### To do
Copy the material below verbatim from the line with "Herausgeber ist die" to the line with "Pinkoz エレガントな赤いレースの女性のドレス o", both lines included, omitting pictures and every line outside that range.

### Extracted material

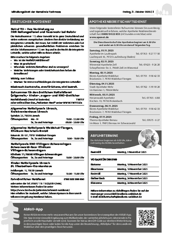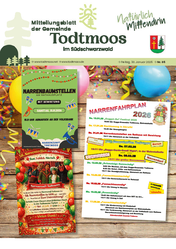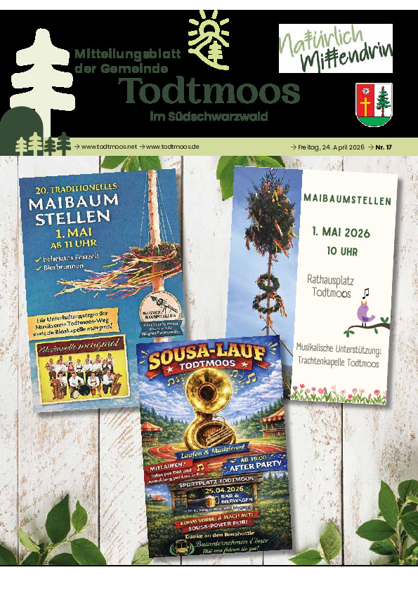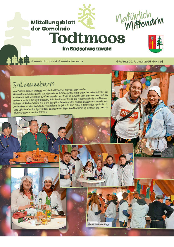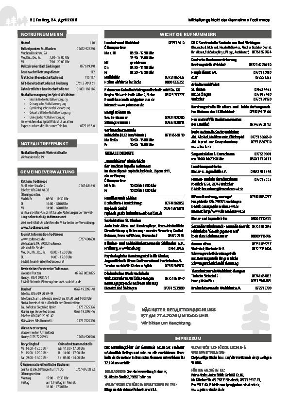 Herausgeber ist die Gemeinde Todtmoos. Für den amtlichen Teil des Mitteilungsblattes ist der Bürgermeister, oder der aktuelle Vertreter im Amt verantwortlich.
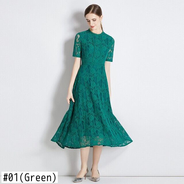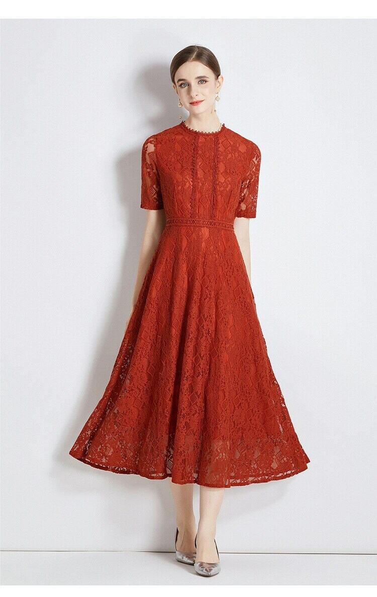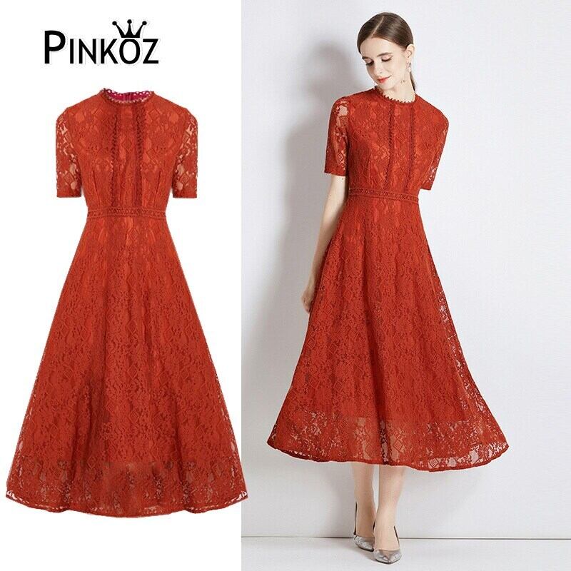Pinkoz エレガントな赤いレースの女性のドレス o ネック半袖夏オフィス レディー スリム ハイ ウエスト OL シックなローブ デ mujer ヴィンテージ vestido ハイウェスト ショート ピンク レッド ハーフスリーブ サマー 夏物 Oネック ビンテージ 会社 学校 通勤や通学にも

---

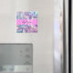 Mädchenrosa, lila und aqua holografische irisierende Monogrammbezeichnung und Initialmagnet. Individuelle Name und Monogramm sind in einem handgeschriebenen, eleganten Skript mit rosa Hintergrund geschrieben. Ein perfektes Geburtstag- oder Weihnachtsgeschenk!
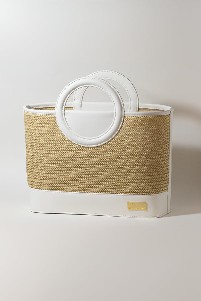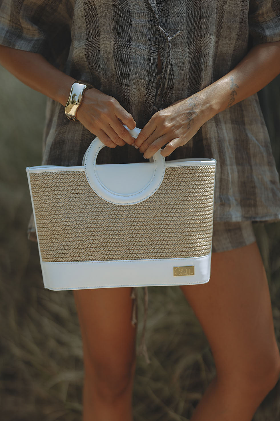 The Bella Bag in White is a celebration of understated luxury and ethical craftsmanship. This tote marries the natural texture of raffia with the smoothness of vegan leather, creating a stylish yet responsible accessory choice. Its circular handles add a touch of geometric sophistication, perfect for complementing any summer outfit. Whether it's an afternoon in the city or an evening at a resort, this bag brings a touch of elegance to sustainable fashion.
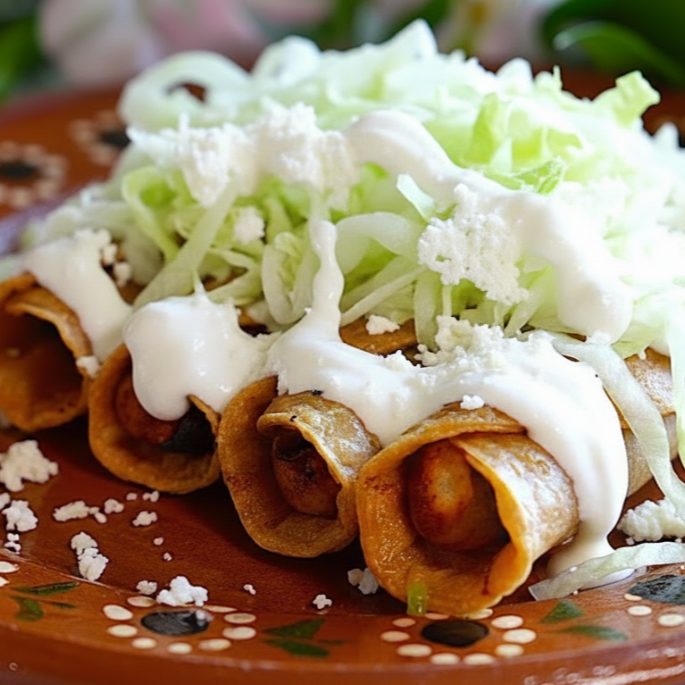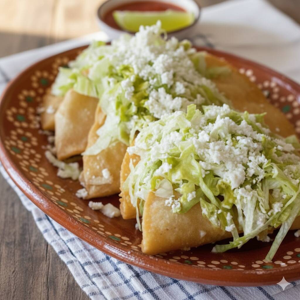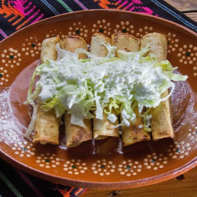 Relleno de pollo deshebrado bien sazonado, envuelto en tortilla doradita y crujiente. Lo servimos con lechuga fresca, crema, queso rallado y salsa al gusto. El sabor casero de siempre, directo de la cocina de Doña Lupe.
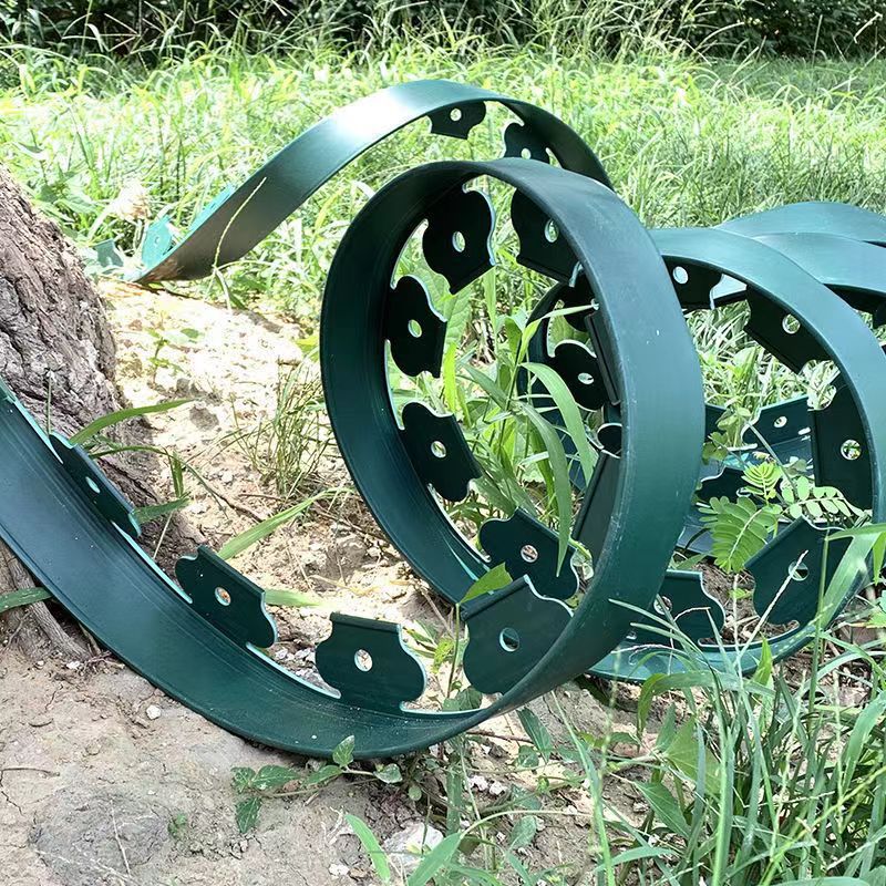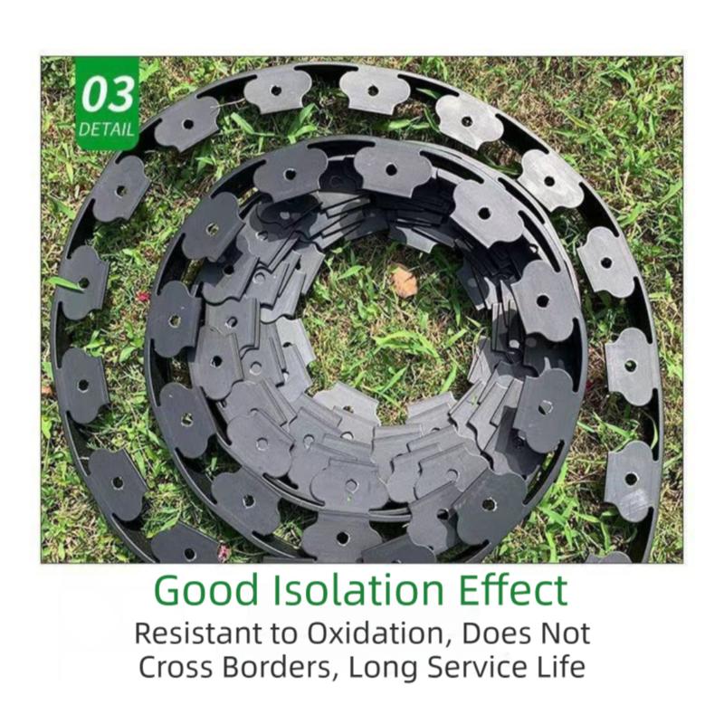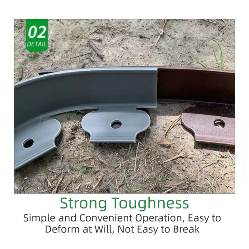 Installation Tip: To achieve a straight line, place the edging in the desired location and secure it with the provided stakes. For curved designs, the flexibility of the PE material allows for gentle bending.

### Response for this exercise
 Herausgeber ist die Gemeinde Todtmoos. Für den amtlichen Teil des Mitteilungsblattes ist der Bürgermeister, oder der aktuelle Vertreter im Amt verantwortlich.
Pinkoz エレガントな赤いレースの女性のドレス o ネック半袖夏オフィス レディー スリム ハイ ウエスト OL シックなローブ デ mujer ヴィンテージ vestido ハイウェスト ショート ピンク レッド ハーフスリーブ サマー 夏物 Oネック ビンテージ 会社 学校 通勤や通学にも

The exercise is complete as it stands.